++++ Source material ++++

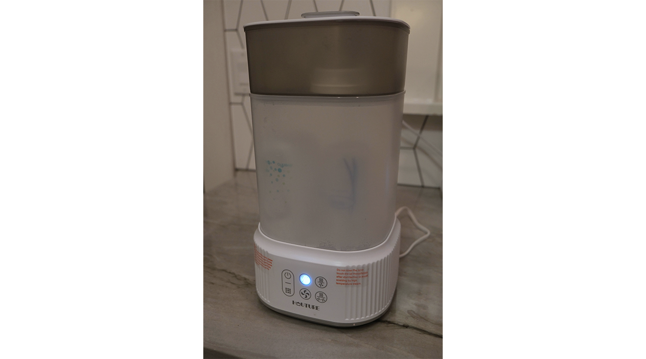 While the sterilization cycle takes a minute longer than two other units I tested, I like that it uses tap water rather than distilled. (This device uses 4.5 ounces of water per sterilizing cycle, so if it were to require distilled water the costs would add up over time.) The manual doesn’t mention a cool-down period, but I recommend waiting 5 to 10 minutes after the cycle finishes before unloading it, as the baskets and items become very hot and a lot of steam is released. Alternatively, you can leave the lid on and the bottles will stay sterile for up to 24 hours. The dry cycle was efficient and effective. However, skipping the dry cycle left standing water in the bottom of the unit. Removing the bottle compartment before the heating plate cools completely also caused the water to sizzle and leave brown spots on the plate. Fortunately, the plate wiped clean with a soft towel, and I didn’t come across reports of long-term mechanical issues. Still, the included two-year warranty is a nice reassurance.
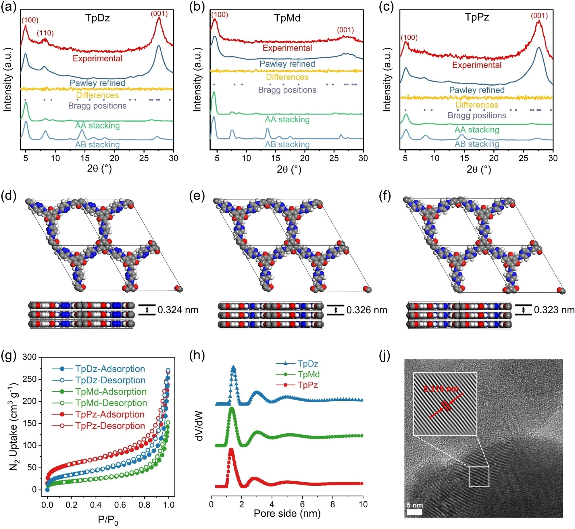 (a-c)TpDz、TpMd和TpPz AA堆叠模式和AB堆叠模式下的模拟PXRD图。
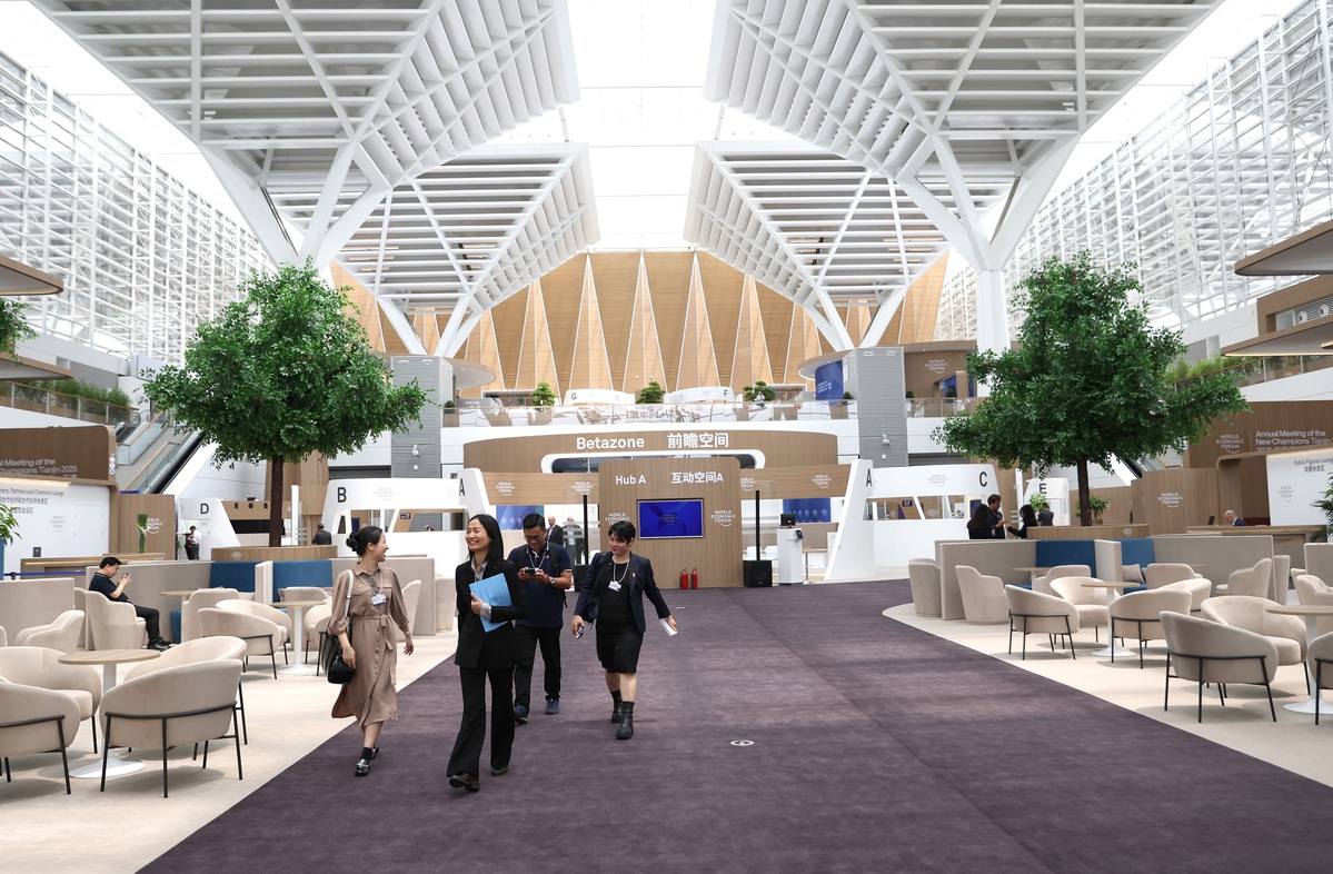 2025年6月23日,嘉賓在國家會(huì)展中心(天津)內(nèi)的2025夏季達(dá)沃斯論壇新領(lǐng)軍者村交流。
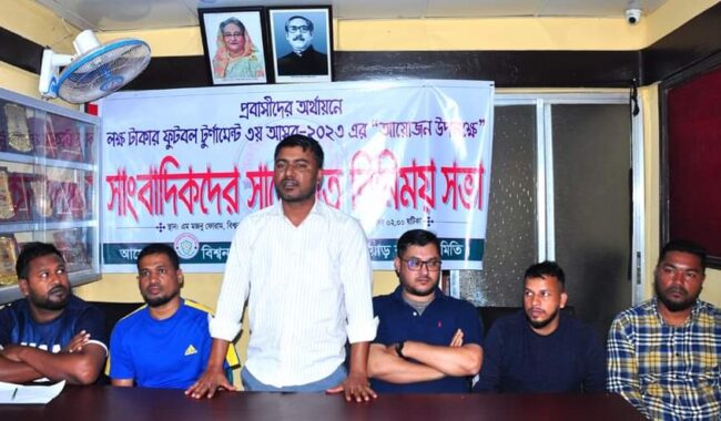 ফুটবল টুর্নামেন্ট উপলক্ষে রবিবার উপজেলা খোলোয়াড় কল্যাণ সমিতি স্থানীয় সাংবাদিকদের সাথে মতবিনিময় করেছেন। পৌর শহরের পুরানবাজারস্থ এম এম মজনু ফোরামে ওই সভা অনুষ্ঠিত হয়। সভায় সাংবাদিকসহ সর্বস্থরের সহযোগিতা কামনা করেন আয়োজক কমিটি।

++++

▶ **What the task requires**:
Leave out the pictures and reproduce the rest of the listing exactly.

▶ **Response to this exercise**:
 While the sterilization cycle takes a minute longer than two other units I tested, I like that it uses tap water rather than distilled. (This device uses 4.5 ounces of water per sterilizing cycle, so if it were to require distilled water the costs would add up over time.) The manual doesn’t mention a cool-down period, but I recommend waiting 5 to 10 minutes after the cycle finishes before unloading it, as the baskets and items become very hot and a lot of steam is released. Alternatively, you can leave the lid on and the bottles will stay sterile for up to 24 hours. The dry cycle was efficient and effective. However, skipping the dry cycle left standing water in the bottom of the unit. Removing the bottle compartment before the heating plate cools completely also caused the water to sizzle and leave brown spots on the plate. Fortunately, the plate wiped clean with a soft towel, and I didn’t come across reports of long-term mechanical issues. Still, the included two-year warranty is a nice reassurance.
 (a-c)TpDz、TpMd和TpPz AA堆叠模式和AB堆叠模式下的模拟PXRD图。
 2025年6月23日,嘉賓在國家會(huì)展中心(天津)內(nèi)的2025夏季達(dá)沃斯論壇新領(lǐng)軍者村交流。
 ফুটবল টুর্নামেন্ট উপলক্ষে রবিবার উপজেলা খোলোয়াড় কল্যাণ সমিতি স্থানীয় সাংবাদিকদের সাথে মতবিনিময় করেছেন। পৌর শহরের পুরানবাজারস্থ এম এম মজনু ফোরামে ওই সভা অনুষ্ঠিত হয়। সভায় সাংবাদিকসহ সর্বস্থরের সহযোগিতা কামনা করেন আয়োজক কমিটি।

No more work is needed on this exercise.